- TASK TO COMPLETE
Repeat each entry below exactly, omitting any picture it holds.

- GIVEN DATA
..........

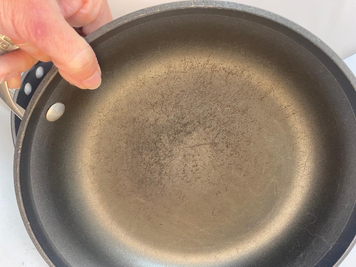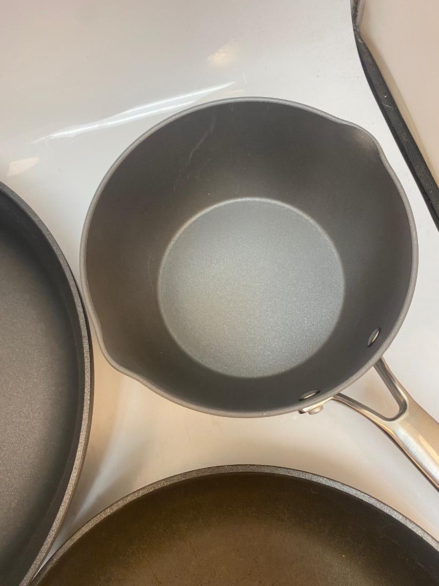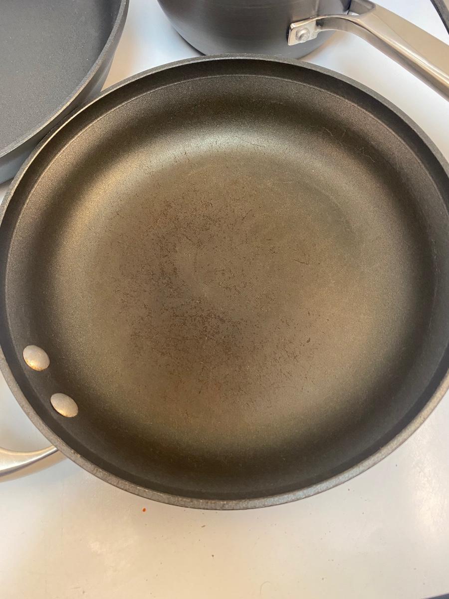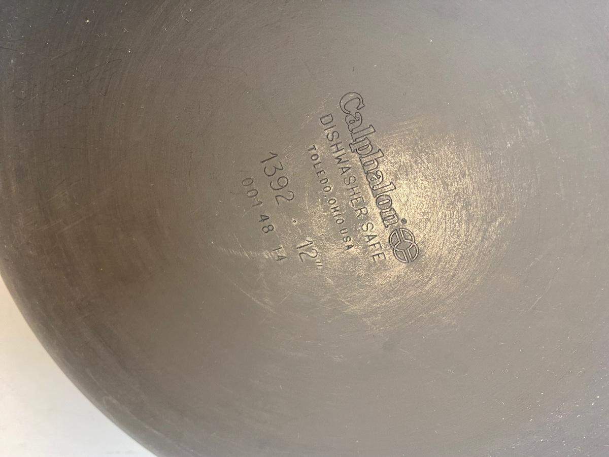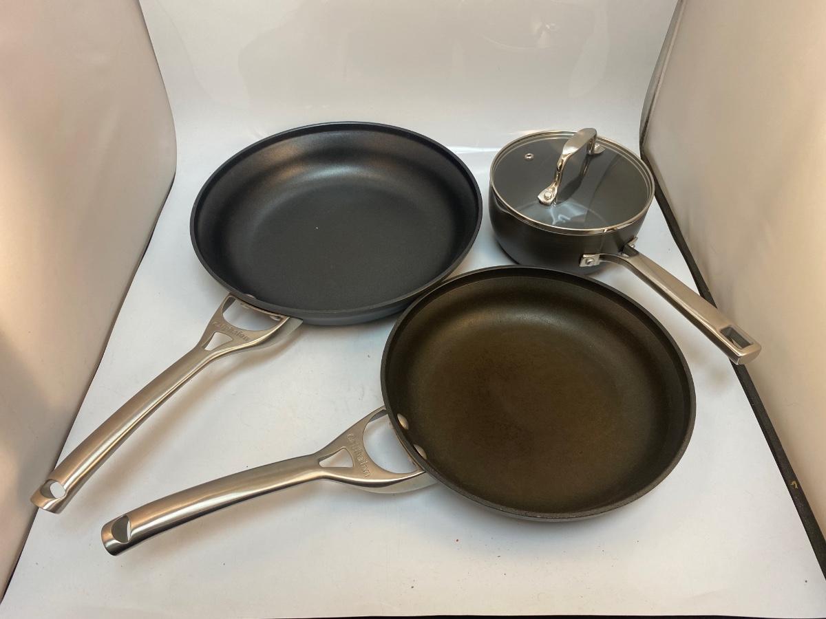 Pair of Calphalon Frying Pans & Salt Saucepan with Glass Lid. 10" & 12" pans, 1.5qt saucepan. Previously used, the 10" shows signs of use. Salt pan is in the better condition of the three.
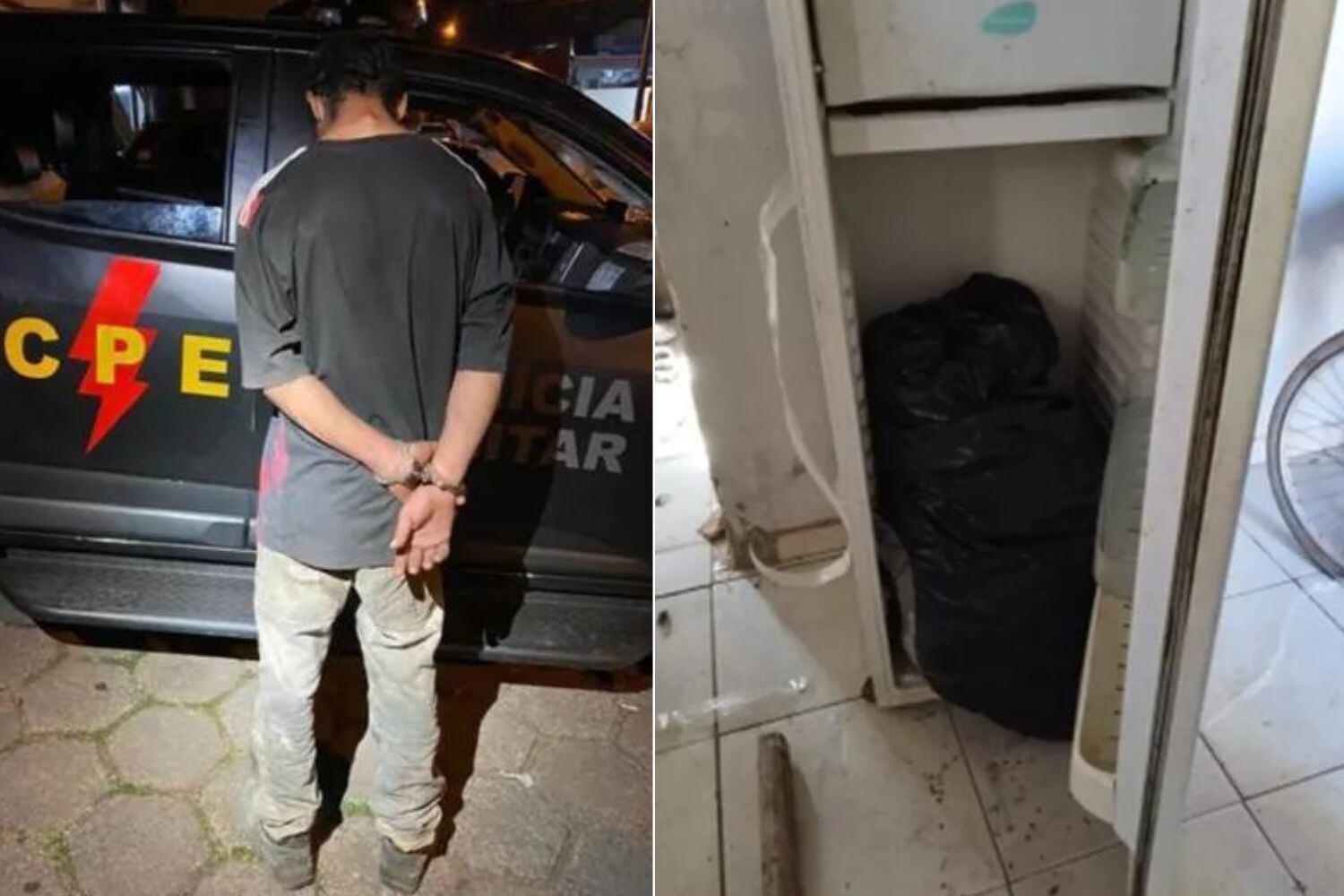 Assim, os PMs questionaram o homem sobre a companheira e ele ficou nervoso, fugindo em seguida. Os policiais entraram na residência, quando encontraram vários vestígios de sangue e o corpo da vítima, enrolado a um saco plástico, dentro da geladeira.
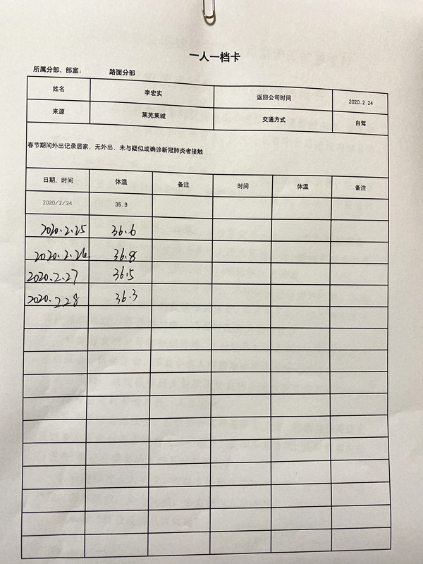 實(shí)行進(jìn)場人員“一人一檔”制度,體溫動態(tài)管理
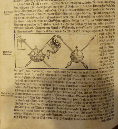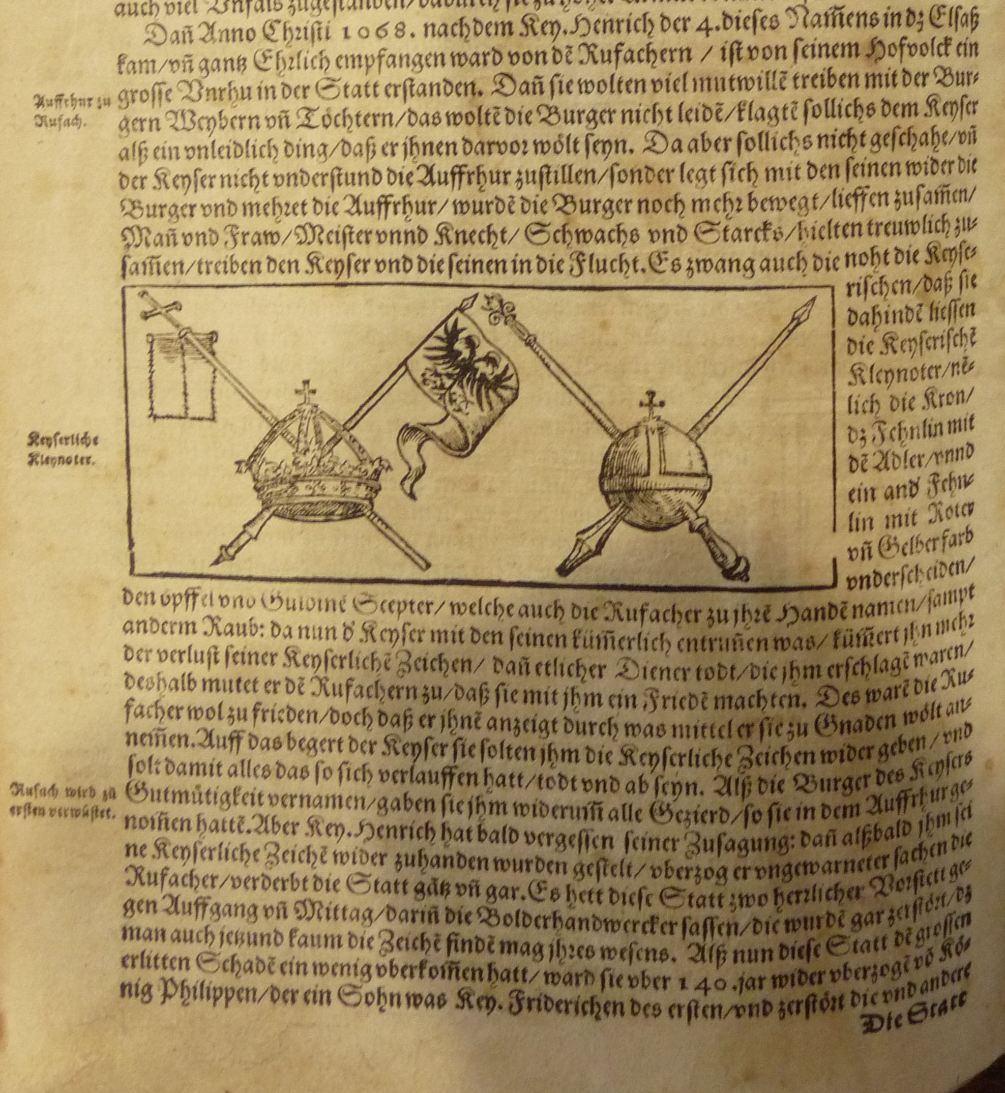 Dann Anno Christi 1068. nach dem Keyser Henrich der 4. dieses Nammens in das Elsaß kam / und gantz Ehrlich empfangen ward von den Rufachern / ist von seinem Hofvolck ein grosse Unrhu in der Statt erstanden. Dann sie wollten viel mutwillen treiben mit der Burgern Weybern und Töchtern / das wolten die Burger nicht leiden / klagten sollichs dem Keyser alß ein unleidlich ding / daß er ihnen darvor wölt seyn. Da aber sollichs nicht geschahe, und der Keyser nicht understund die Auffrhur zustillen / sonder legt sich mit den seinen wider die Burger und mehret die Auffrhur / wurden die Burger noch mehr bewegt / lieffen zusammen / Mann und Fraw / Meister unnd Knecht / Schwachs und Starcks / hielten treuwlich zusammen / treiben den Keyser und die seinen in die Flucht. Es zwang auch die noht die Keyserischen / daß sie dahinden liessen die Keyserischen Kleynoter / nemlich die Kron / das Fehnlin mit dem Adler / unnd ein ander Fehnlin mit Roter und Gelber farb underscheiden / den apffel und Guldine Scepter / welche auch die Rufacher zu ihren Handen namen / sampt anderm Raub: da nun der Keyser mit den seinen kümmerlich entrunnen was / kümmert ihn mehr der verlust seiner Keyserlichen Zeichen / dann etlicher Diener todt / die ihm erschlagen waren / deshalb mutet er den Rufachern zu / dass sie mit ihm ein Frieden machten. Des waren die Rufacher wol zu frieden / doch daß er ihnen anzeigt durch was mittel er sie zu Gnaden wölt annemmen. Auf das begert der Keyser sie sollten ihm die Keyserliche Zeichen wider geben / und solt damit alles das so sich verlauffen hatt / todt und ab seyn. Als die Burger des Keysers Gutmütigkeit vernamen / gaben sie ihm widerumm alle Gezierd / so sie in dem Auffrhur genommen hatten. Aber Keyser Heinrch hat bald vergessen seine Zusagung: dann alssbald ihm seine Keyserlich Zeichen wider zuhanden wurden gestellt / uberzog er ungewarneter sachen die Rufacher / verderbt die Statt gantz und gar. Es hett diese Statt zwo herrlicher Vorstett gegen Auffgand und Mittag / darin die Golderhandwercker sassen / die wurden gar zerstört / dass man auch jetzund kaum die Zeichen finden mag ihres wesens.
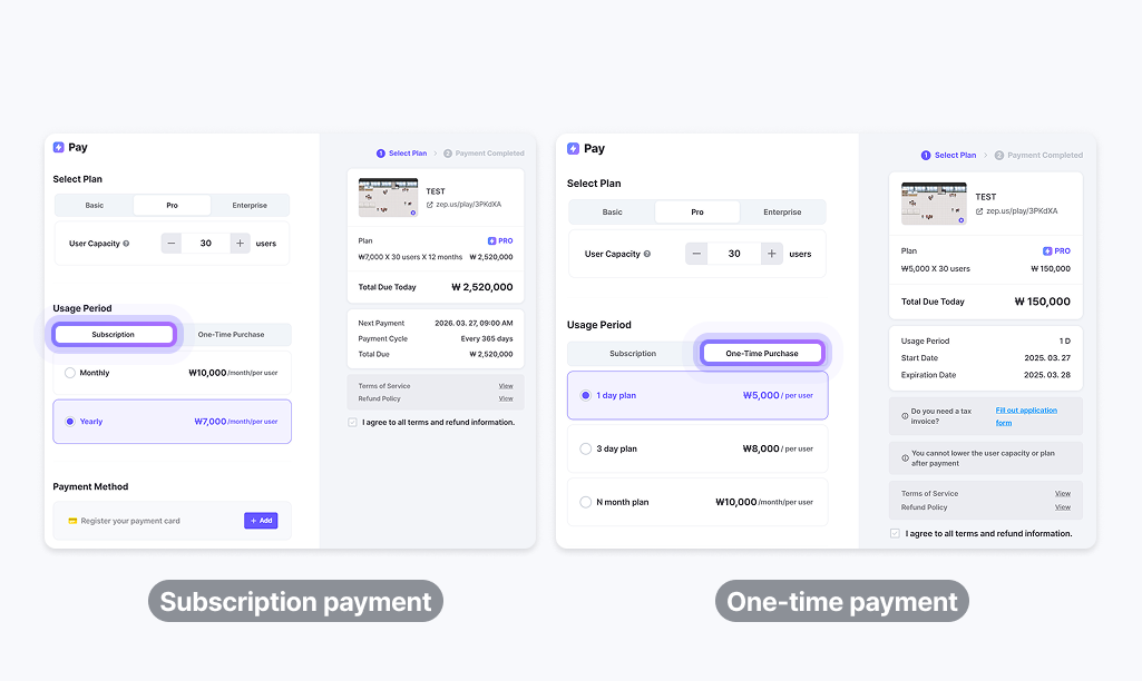 Please select a payment plan, user capacity, usage period, and payment method, then press the payment button.

..........

- COMPLETED EXERCISE
 Pair of Calphalon Frying Pans & Salt Saucepan with Glass Lid. 10" & 12" pans, 1.5qt saucepan. Previously used, the 10" shows signs of use. Salt pan is in the better condition of the three.
 Assim, os PMs questionaram o homem sobre a companheira e ele ficou nervoso, fugindo em seguida. Os policiais entraram na residência, quando encontraram vários vestígios de sangue e o corpo da vítima, enrolado a um saco plástico, dentro da geladeira.
 實(shí)行進(jìn)場人員“一人一檔”制度,體溫動態(tài)管理
 Dann Anno Christi 1068. nach dem Keyser Henrich der 4. dieses Nammens in das Elsaß kam / und gantz Ehrlich empfangen ward von den Rufachern / ist von seinem Hofvolck ein grosse Unrhu in der Statt erstanden. Dann sie wollten viel mutwillen treiben mit der Burgern Weybern und Töchtern / das wolten die Burger nicht leiden / klagten sollichs dem Keyser alß ein unleidlich ding / daß er ihnen darvor wölt seyn. Da aber sollichs nicht geschahe, und der Keyser nicht understund die Auffrhur zustillen / sonder legt sich mit den seinen wider die Burger und mehret die Auffrhur / wurden die Burger noch mehr bewegt / lieffen zusammen / Mann und Fraw / Meister unnd Knecht / Schwachs und Starcks / hielten treuwlich zusammen / treiben den Keyser und die seinen in die Flucht. Es zwang auch die noht die Keyserischen / daß sie dahinden liessen die Keyserischen Kleynoter / nemlich die Kron / das Fehnlin mit dem Adler / unnd ein ander Fehnlin mit Roter und Gelber farb underscheiden / den apffel und Guldine Scepter / welche auch die Rufacher zu ihren Handen namen / sampt anderm Raub: da nun der Keyser mit den seinen kümmerlich entrunnen was / kümmert ihn mehr der verlust seiner Keyserlichen Zeichen / dann etlicher Diener todt / die ihm erschlagen waren / deshalb mutet er den Rufachern zu / dass sie mit ihm ein Frieden machten. Des waren die Rufacher wol zu frieden / doch daß er ihnen anzeigt durch was mittel er sie zu Gnaden wölt annemmen. Auf das begert der Keyser sie sollten ihm die Keyserliche Zeichen wider geben / und solt damit alles das so sich verlauffen hatt / todt und ab seyn. Als die Burger des Keysers Gutmütigkeit vernamen / gaben sie ihm widerumm alle Gezierd / so sie in dem Auffrhur genommen hatten. Aber Keyser Heinrch hat bald vergessen seine Zusagung: dann alssbald ihm seine Keyserlich Zeichen wider zuhanden wurden gestellt / uberzog er ungewarneter sachen die Rufacher / verderbt die Statt gantz und gar. Es hett diese Statt zwo herrlicher Vorstett gegen Auffgand und Mittag / darin die Golderhandwercker sassen / die wurden gar zerstört / dass man auch jetzund kaum die Zeichen finden mag ihres wesens.
 Please select a payment plan, user capacity, usage period, and payment method, then press the payment button.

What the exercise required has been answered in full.